──────── STORED DATA ────────

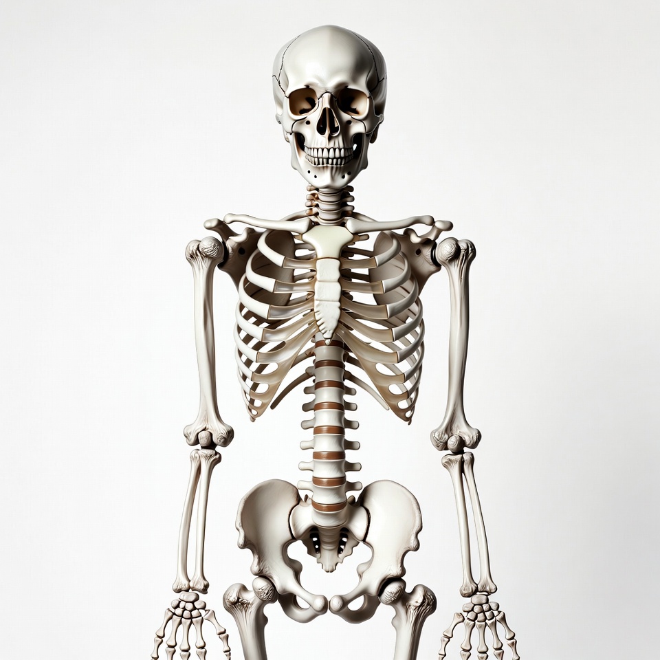 3D render, Halloween, anatomy, arms, bone structure, bones, front view, full body, human skeleton, isolated, legs, medical, realistic, ribs, skull, spine, standing, white background, skeleton
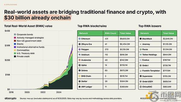 现实世界资产——包括美国国债、货币市场基金、私募信贷和房地产等以代币化形式呈现于链上的传统资产——正在连接加密与传统金融。代币化RWA总市场规模达300亿美元,过去两年增长近四倍。
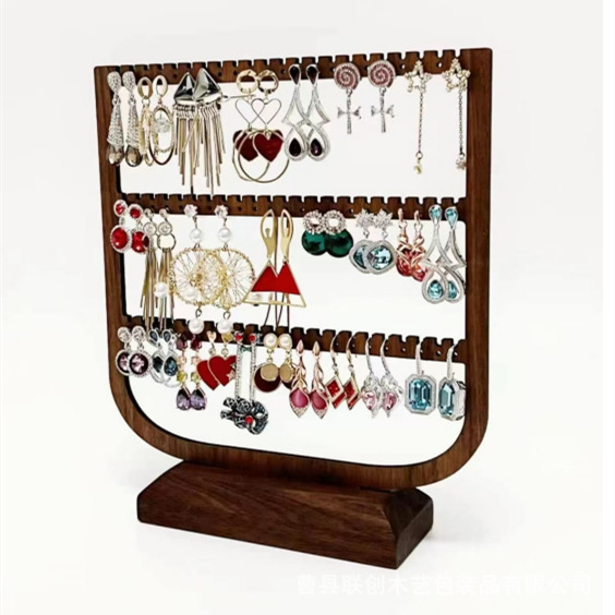 木质多层首饰架商用耳钉耳环展示架直播道具胡桃木家用饰品收纳架
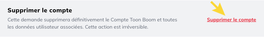 Vous pouvez supprimer votre Compte Toon Boom à tout moment. Veuillez prendre note de ce qui suit avant de procéder :

────────

ACTION ITEM: Could you return, word for word, every line from the line with "木质多层首饰架商用耳钉耳环展示架直播道具胡桃木家用饰品收纳架" through the last line of the listing above, both ends included, without any pictures?

ANSWER SECTION:
 木质多层首饰架商用耳钉耳环展示架直播道具胡桃木家用饰品收纳架
 Vous pouvez supprimer votre Compte Toon Boom à tout moment. Veuillez prendre note de ce qui suit avant de procéder :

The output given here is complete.